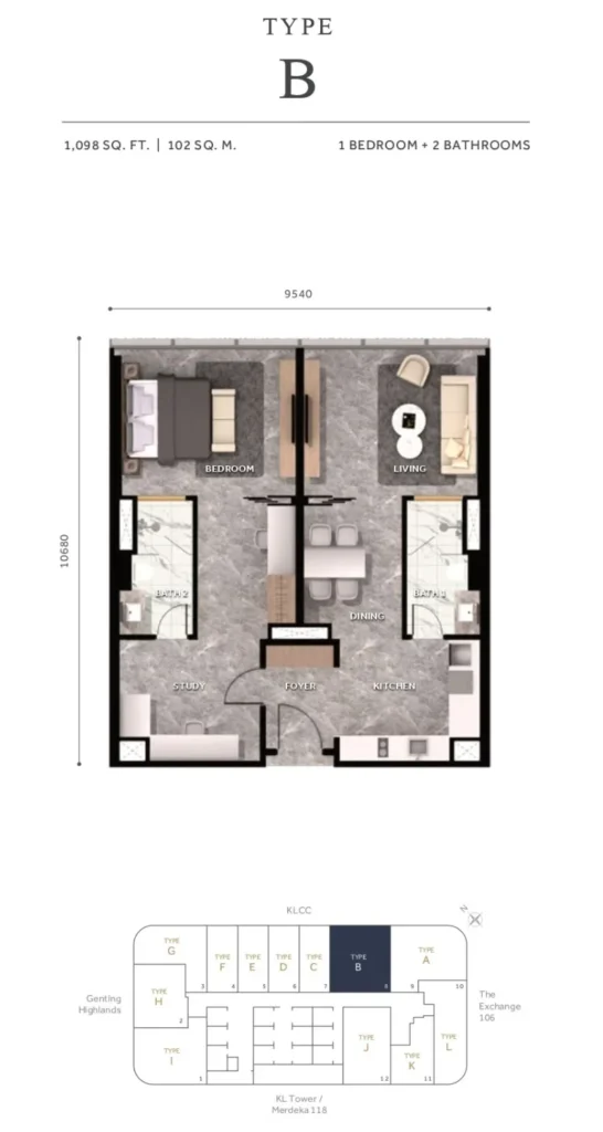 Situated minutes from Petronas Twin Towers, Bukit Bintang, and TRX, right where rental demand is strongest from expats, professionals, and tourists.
• • •
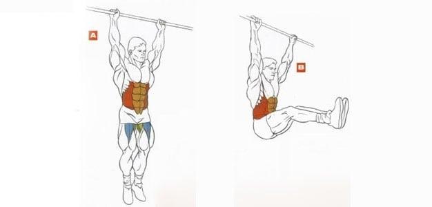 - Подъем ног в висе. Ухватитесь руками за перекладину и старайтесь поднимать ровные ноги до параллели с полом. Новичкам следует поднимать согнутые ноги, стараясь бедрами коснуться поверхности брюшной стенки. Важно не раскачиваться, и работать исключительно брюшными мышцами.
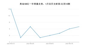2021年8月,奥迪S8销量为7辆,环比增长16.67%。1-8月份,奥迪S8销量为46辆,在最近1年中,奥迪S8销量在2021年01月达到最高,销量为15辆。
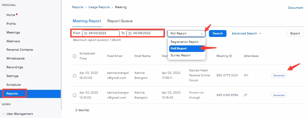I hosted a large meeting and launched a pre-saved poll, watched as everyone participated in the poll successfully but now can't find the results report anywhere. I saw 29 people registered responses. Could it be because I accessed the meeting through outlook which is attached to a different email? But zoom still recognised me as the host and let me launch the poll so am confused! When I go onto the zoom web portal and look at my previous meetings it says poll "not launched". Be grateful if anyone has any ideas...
• • •
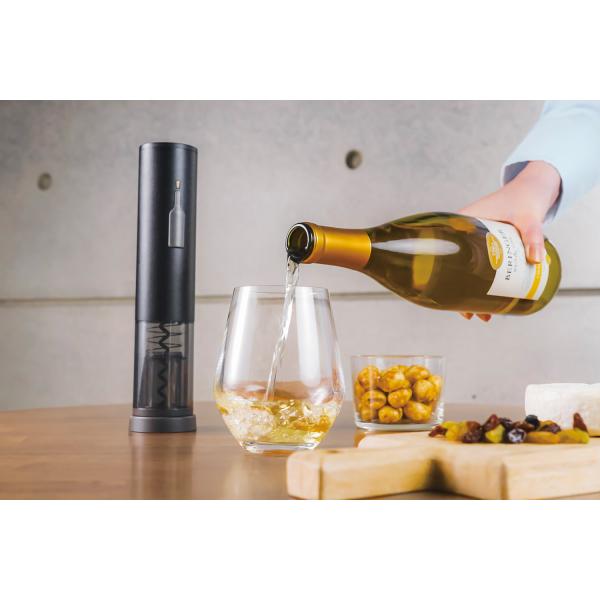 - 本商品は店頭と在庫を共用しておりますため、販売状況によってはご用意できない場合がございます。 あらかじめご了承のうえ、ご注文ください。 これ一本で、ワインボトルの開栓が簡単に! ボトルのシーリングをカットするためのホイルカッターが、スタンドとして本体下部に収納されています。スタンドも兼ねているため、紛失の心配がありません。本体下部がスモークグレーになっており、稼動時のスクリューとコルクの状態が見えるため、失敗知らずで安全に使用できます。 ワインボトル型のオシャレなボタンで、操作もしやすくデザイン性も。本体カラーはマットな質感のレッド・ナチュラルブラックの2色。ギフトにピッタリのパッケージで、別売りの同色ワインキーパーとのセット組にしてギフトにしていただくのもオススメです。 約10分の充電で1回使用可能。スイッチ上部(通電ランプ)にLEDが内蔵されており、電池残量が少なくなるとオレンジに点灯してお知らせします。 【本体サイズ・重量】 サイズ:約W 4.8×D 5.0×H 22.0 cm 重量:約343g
• • •
• Work required: Would you please repeat only the lines above, beginning at the one that has "- Подъем ног" and stopping after the one that has "I hosted a large", exactly and with no pictures?

• Output of the task:
 - Подъем ног в висе. Ухватитесь руками за перекладину и старайтесь поднимать ровные ноги до параллели с полом. Новичкам следует поднимать согнутые ноги, стараясь бедрами коснуться поверхности брюшной стенки. Важно не раскачиваться, и работать исключительно брюшными мышцами.
2021年8月,奥迪S8销量为7辆,环比增长16.67%。1-8月份,奥迪S8销量为46辆,在最近1年中,奥迪S8销量在2021年01月达到最高,销量为15辆。
I hosted a large meeting and launched a pre-saved poll, watched as everyone participated in the poll successfully but now can't find the results report anywhere. I saw 29 people registered responses. Could it be because I accessed the meeting through outlook which is attached to a different email? But zoom still recognised me as the host and let me launch the poll so am confused! When I go onto the zoom web portal and look at my previous meetings it says poll "not launched". Be grateful if anyone has any ideas...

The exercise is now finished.